Talk about ignorance! In essence, the logical argument by the NY Times in today's editorial is that increasing a price has no impact on demand. All demand curves, according to the NY times are independent of price. Give that view, why not raise the minimum wage to $ 100 per hour, since that action, by the logic of the NY Times' editorial, would have no effect on the demand for workers, nor would it affect the profitably of businesses.
To reiterate the obvious: (i) a minimum wage law reduces the demand for labor, thereby causing unemployment; (ii) a minimum wage makes it a criminal offense for workers to trade their labor for training in job skills. Trading labor for job skills is something that is absolutely indispensable for the future of the poorest Americans; (iii) increasing the minimum wage alters who gets hired as employers will no longer consider workers with a lower skill set; workers who would have been hired at the lower wage.

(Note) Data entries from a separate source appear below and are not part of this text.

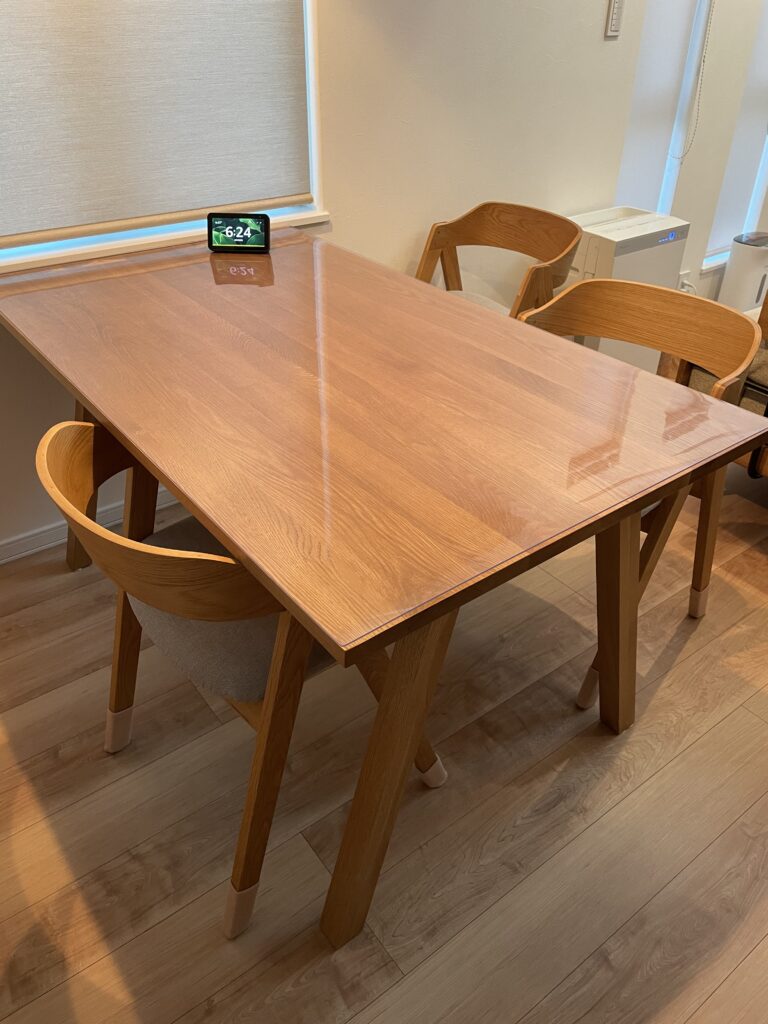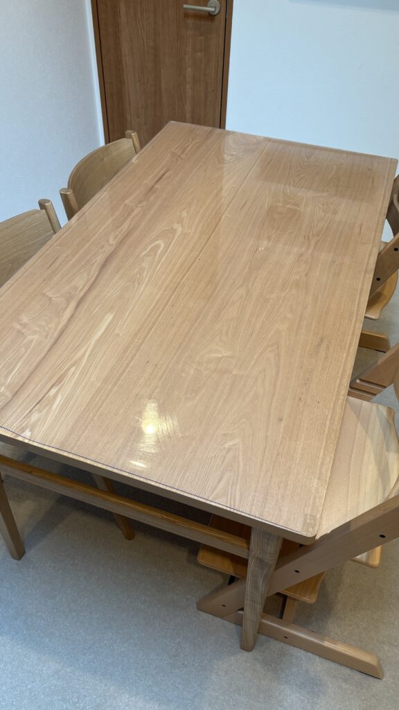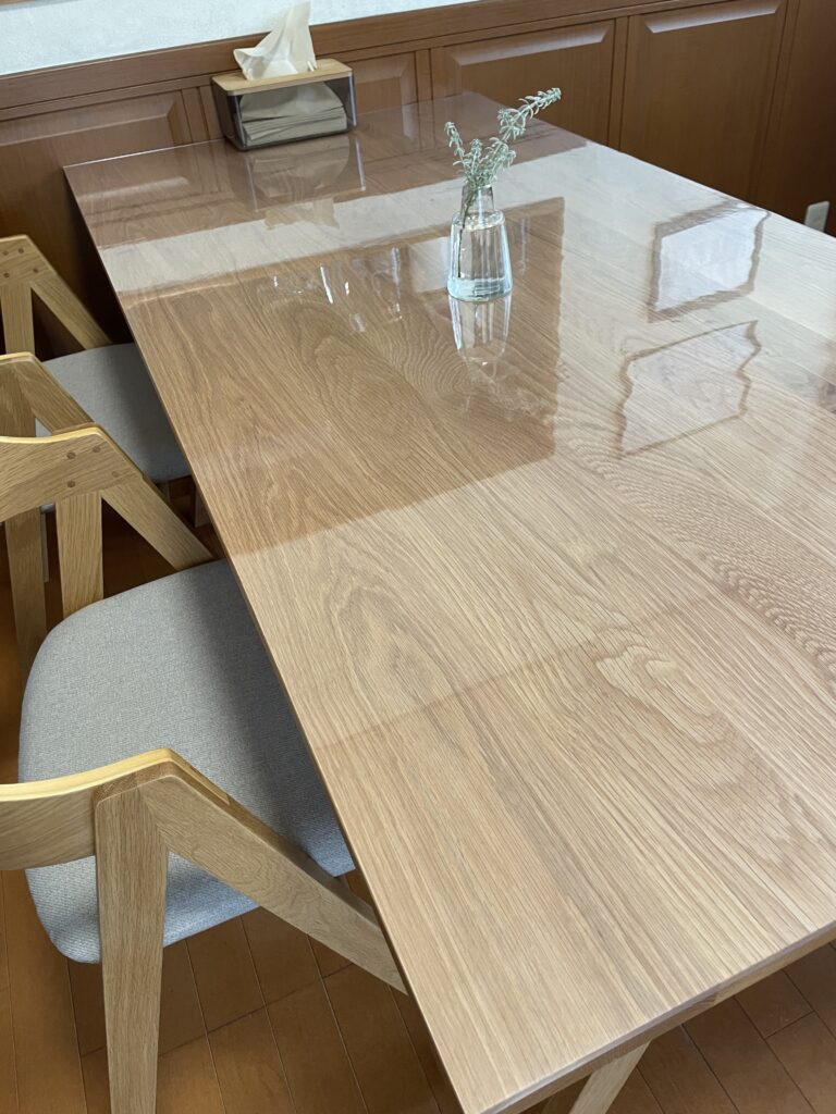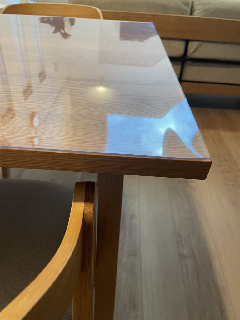 色んなメーカーの無垢テーブルに透明マットを敷いた事例を集めました
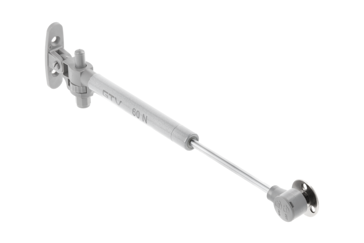 Podnośnik gazowy z amortyzatorem i regulacją umożliwia zaprojektowanie funkcjonalnych oraz nowoczesnych szafek górnych. Podnośnik zapewnia płynność oraz amortyzacje przy otwieraniu szafek. Jego mechanizm zapobiega bezwładnemu opadnięciu frontu, a wykorzystana technologii cichego domyku dodatkowo usprawnia użytkowanie. Wykonany ze stali, znajdzie swoje zastosowanie w klapach barkowych o wysokości frontu do 600 mm. Dostępne 3 warianty kolorystyczne: szary, biały, antracyt. Orientacyjny kąt otwarcia wynosi 75-90° w zależności od użytego zawiasu. Dostępne 6 wariantów siły produktu: 50, 60, 80, 100, 120, 150 N. Podczas montażu wymaga zastosowania zawiasów.
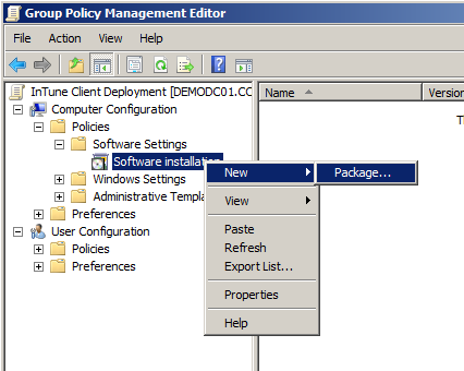 Step 5: Edit a Group Policy Object that is applied to all the workstation that you want to deploy the InTune client. Step 6: Navigate to "Computer Configuration > Policies > Software Settings > Software installation" then right click on "Software installation" then click on "New" then "Packages"
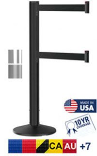 This Dual Line Grooved Crowd Control Post, by Visiontron®, features the highest quality available for high traffic crowd control barriers. Manufactured in the USA with two piece construction for easy on-site repairs, unlike most other dual line posts. It has two ADA Compliant thick and durable 9′ belts that are over 25% longer then most competitively priced line posts, resulting in fewer stanchions to buy, ship, and store. These posts are recommended for indoor use, Weather Resistant Option available.
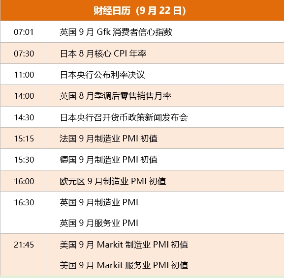 人民币:在岸人民币兑美元(CNY)北京时间03:00收报7.3066元,较周三夜盘收盘跌176点。成交量150.47亿美元。离岸人民币(CNH)兑美元北京时间04:59报7.3141元,较周三纽约尾盘跌67点,盘中整体交投于7.3036-7.3215元区间。 美元:周四(9月21日)纽约尾盘,ICE美元指数涨0.05%,报105.384点,日内交投区间为105.278-105.738点,逼近3月8日顶部105.883点、106关口、2022年11月30日顶部107.195点。彭博美元指数涨0.16%,报1256.90点,日内交投区间为1254.92-1259.79点。美元兑日元下跌0.53%,报147.56,盘中交投区间为148.46-147.32。 界面新闻:英国央行意外维持基准利率在5.25%不变,市场预期加息25个基点;此前连续14次加息,自2021年12月以来累计加息515个基点。英国央行将在未来12个月内削减国债购买规模1000亿欧元。英国央行表示,如果通胀持续存在,需要进一步收紧货币政策;目标将国债存量在一年内减少至6580亿英镑。
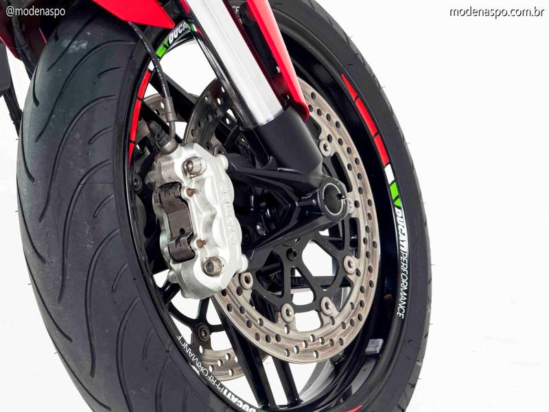 Suspensão Eletrônica (DSS): O grande diferencial da versão “S” é o Ducati Skyhook Suspension (DSS). Este sistema de suspensão semi-ativa da Sachs ajusta automaticamente o amortecimento em tempo real, adaptando-se às condições da pista, ao modo de pilotagem selecionado e à carga da moto.
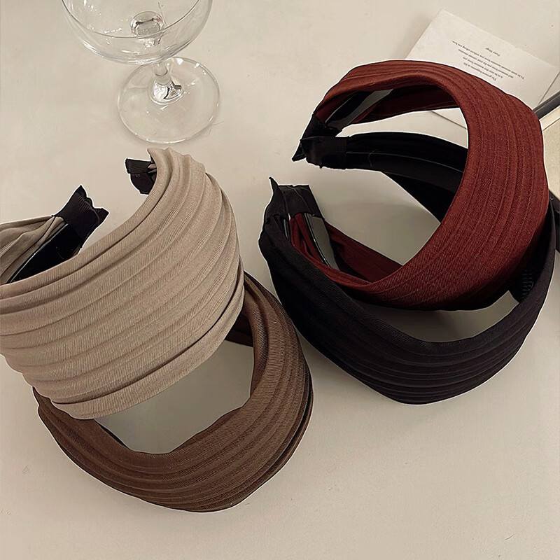 618 Gifts High-end Niche Korean Style Simple Folded Wide-Border Hairpin Headband Women's Retro High Skull Headband Black Striped Folded Headband
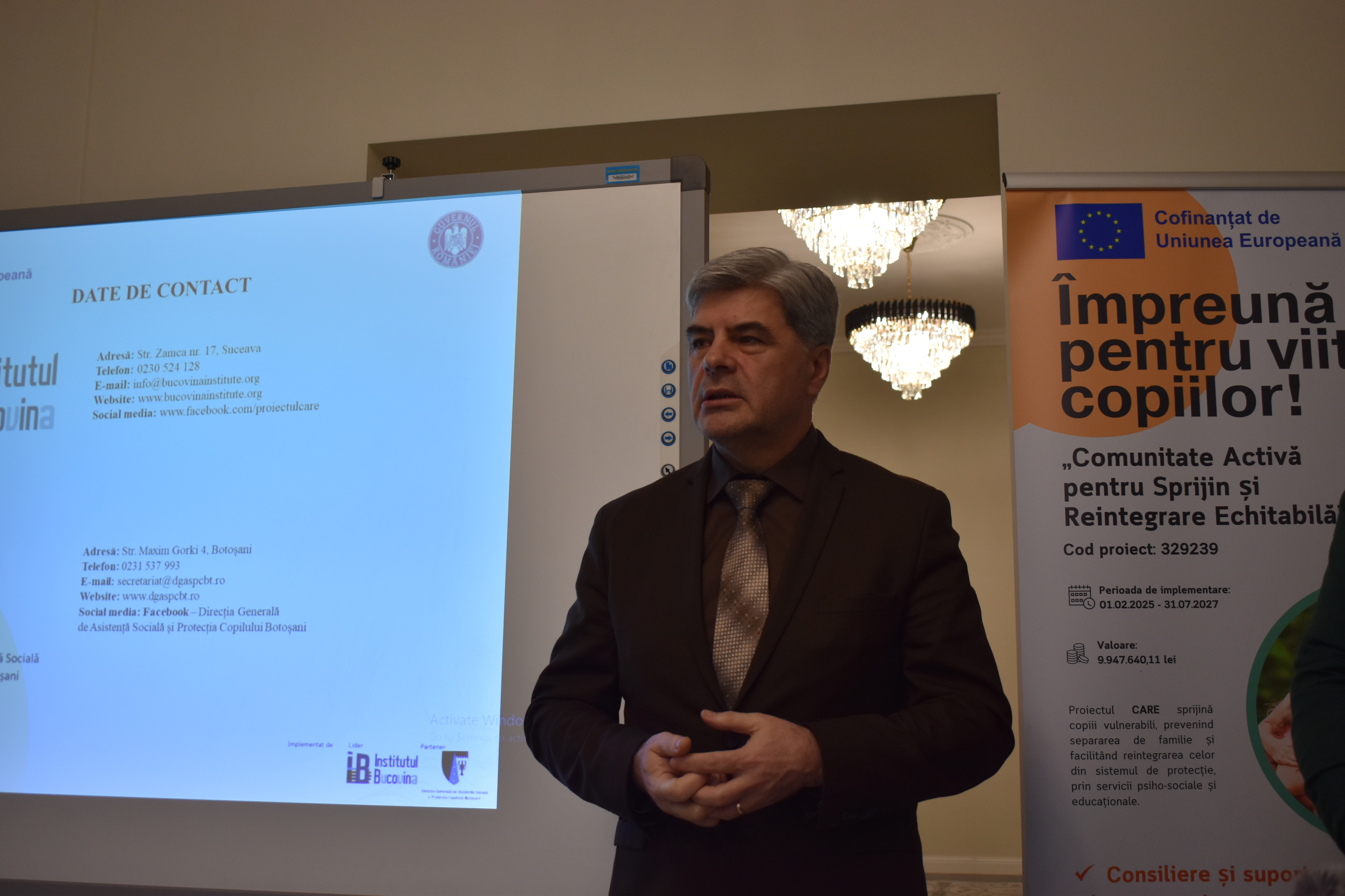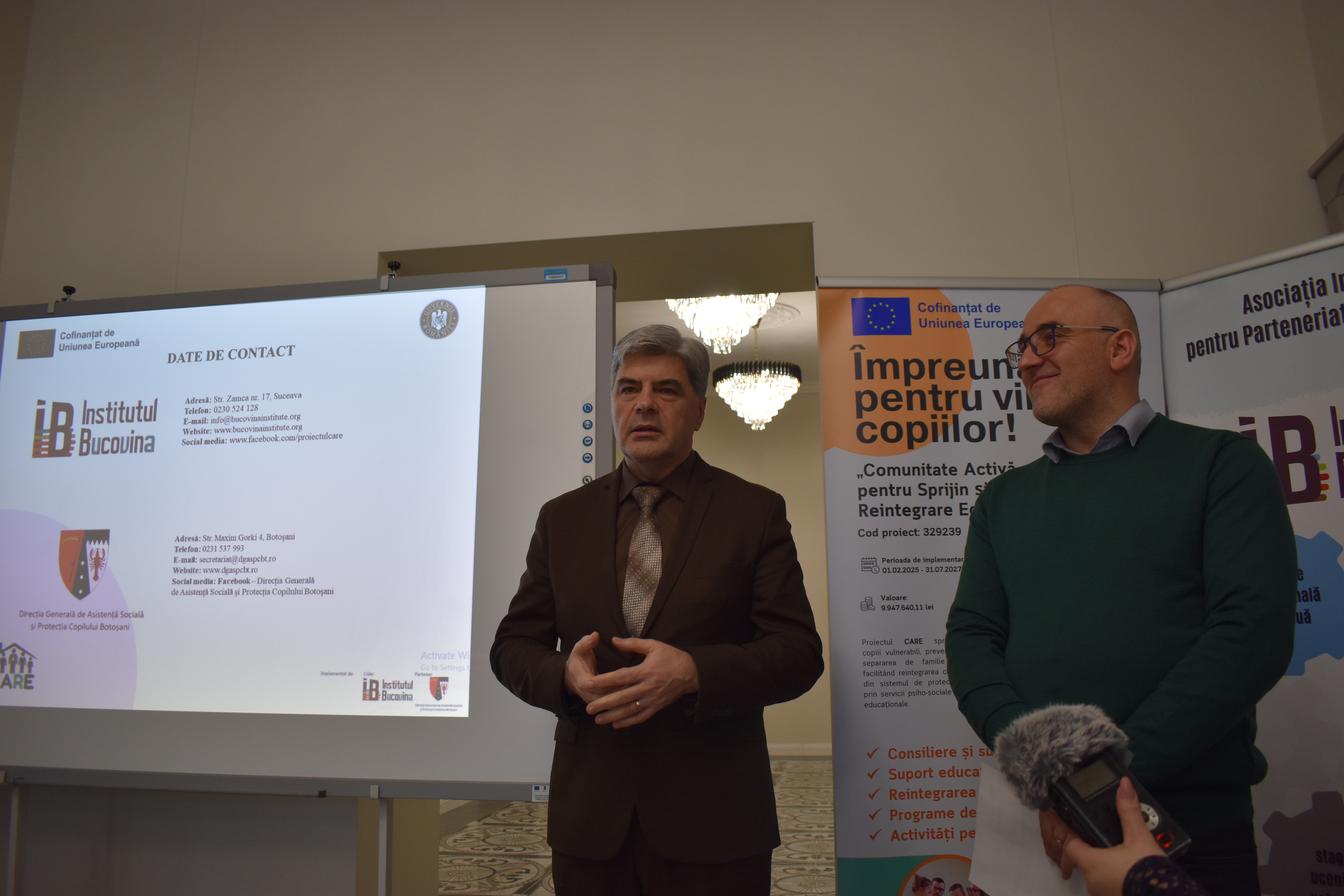 Proiectul, implementat de Asociația Institutul pentru Parteneriat Social Bucovina, are scopul de a preveni separarea de familie a 235 de copii aflați în situație de risc și de a sprijini reintegrarea în familie a 35 de copii care provin din sistemul de protecție specială.

The conclusion: the minimum wage is a dagger in the back of poor people and helps entrap the poor in an endless cycle of poverty and hopelessness. Raising the minimum wage just exacerbates the problem and plunges ever more Americans into this government-created poverty trap.
Those writing editorials for the NY Times never had to compete for a minimum wage job as they cruised through their prep schools and elite colleges and now move back and forth in their limousines to their NY Times editorial offices. Increasing the minimum wage, even to $ 100 per hour, won't have any impact on the lives of the editorial staff of the NY Times. But it will affect those who have no hope of ever reaching the plush lives of an editorial writer for the NY Times. The lives of poor people are permanently diminished by minimum wage laws, while the rich and affluent bask in their arrogant view that they are somehow helping humanity by keeping a boot-heel on the hopes of the poor.